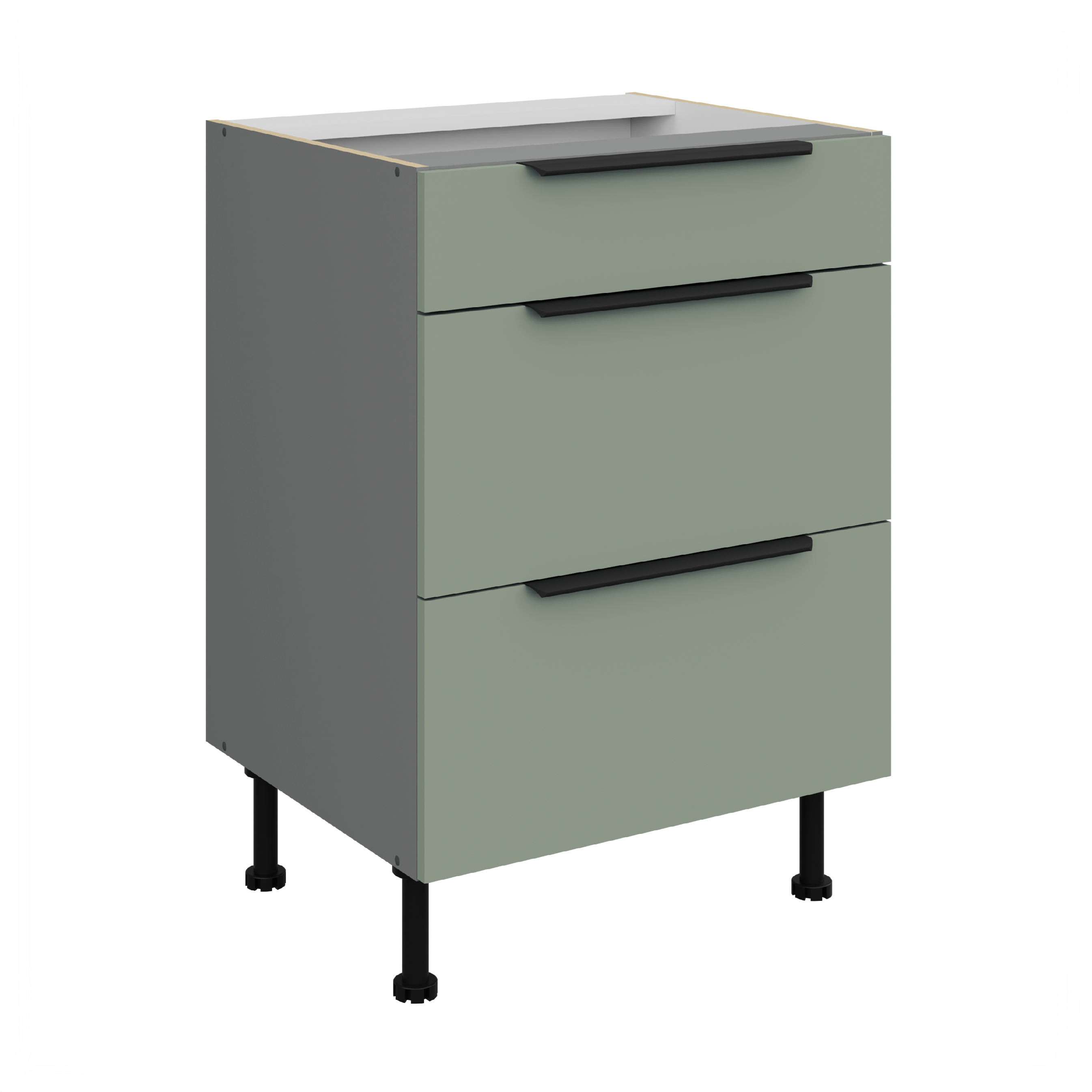 Spodní skříňka Aria ANT 60 D 3S BB - Premium Box Vlastnosti: Materiál Laminovaná dřevotřísková deska o síle 16 mm Zakončené hrany ABS hrana o síle 1 mm Anti Finger Print Jedná se o speciální povrchovou úpravu, kdy na povrchu dvířek / čel zásuvek nezůstávají otisky prstů. Úchyt Matný kovový černý úchyt Sokl Sokl NENÍ součástí balení - lze doobjednat Nastavitelné nožičky Skříňka stojí na nastavitelných nožičkách: 13,5 - 16 cm Vnitřní barva Vnitřek skříně je bílý Panty / Pojezdy Pojezdy s tlumeným zavíráním • Barevné kombinace Antracit korpus BL - Black AFM dvířka / čela zásuvek SA - Aquamarine AFM dvířka / čela zásuvek TA - Sandgrau AFM dvířka / čela zásuvek GR - Graphite AFM dvířka / čela zásuvek WH - Crystal white AFM dvířka / čela zásuvek • Rozměry:Šířka:60 cmVýška bez pracovní desky:82 cmHloubka bez pracovní desky:52 cmPočet balení:2 krabice • Sokl ke kuchyňské linceSpodní skříňky stojí na nastavitelných nožičkách, tím pádem není součástí skřínek spodní krycí sokl. Ten je možné dokoupit hned v několika rozměrech. Manipulace s ním je snadná. • Odkazy na příslušenství ke kuchyňským linkámKompletní nabídka skříněk ke kuchyňské lince Aria ANTPracovní deskyPříslušenství ke kuchyním •
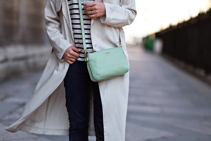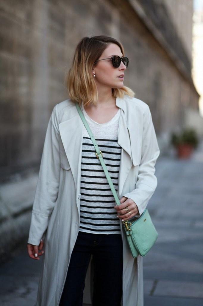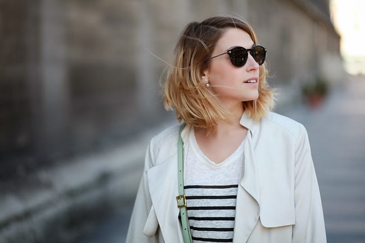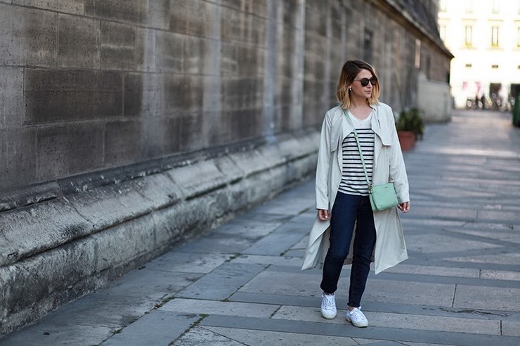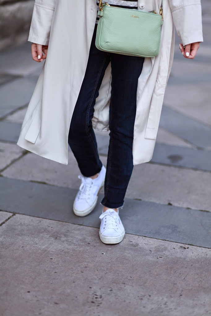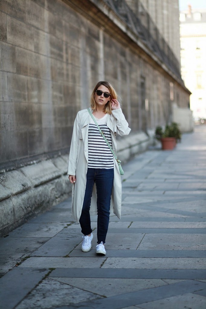 Trench H&M, marinière Swildens x Sarah Lavoine, jean Lee (coupes DIY), baskets Superga, sac Fossil et lunettes G-Star.
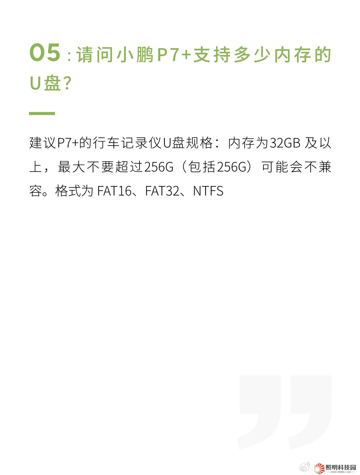 建議 P7+ 的行車記錄儀 U 盤規(guī)格:內(nèi)存為 32GB 及以上,最大不要超過 256G(包括 256G)可能會不兼容。格式為 FAT16、FAT32、NTFS。
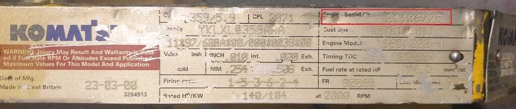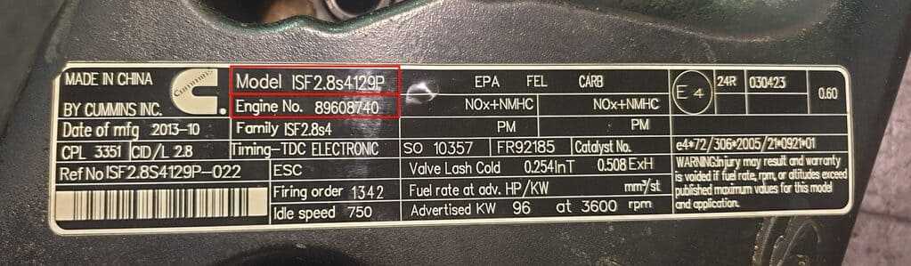 Первым делом осмотрите двигатель. На подавляющем большинстве моторов Cummins есть специальный паспортная табличка с указанием модели и серийного номера двигателя, дате производства, мощности и т.п. Этот шильдик может находиться на самой клапанной крышке (Cummins ISB, ISF), на картере шестерен (Cummins BTA, C8.3, ISL), на проставки клапанной крышки (Cummins M11). На старых моторах за время эксплуатации эта табличка может быть повреждена, а информация на ней быть нечитабельной.
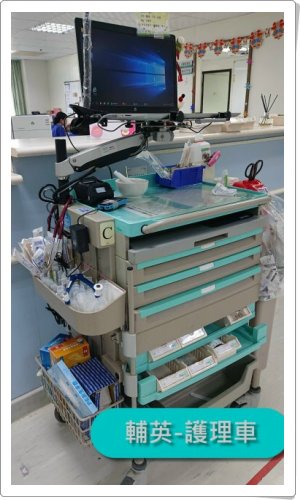 輔英醫院: 護理車+定位旋臂:筆電 |

## Action item
From the line that contains "建議 P7+ 的行車記錄儀" to the last line of the data above, inclusive, transcribe every line exactly and only those lines, omitting pictures.

## Answer for the task
 建議 P7+ 的行車記錄儀 U 盤規(guī)格:內(nèi)存為 32GB 及以上,最大不要超過 256G(包括 256G)可能會不兼容。格式為 FAT16、FAT32、NTFS。
 Первым делом осмотрите двигатель. На подавляющем большинстве моторов Cummins есть специальный паспортная табличка с указанием модели и серийного номера двигателя, дате производства, мощности и т.п. Этот шильдик может находиться на самой клапанной крышке (Cummins ISB, ISF), на картере шестерен (Cummins BTA, C8.3, ISL), на проставки клапанной крышки (Cummins M11). На старых моторах за время эксплуатации эта табличка может быть повреждена, а информация на ней быть нечитабельной.
 輔英醫院: 護理車+定位旋臂:筆電 |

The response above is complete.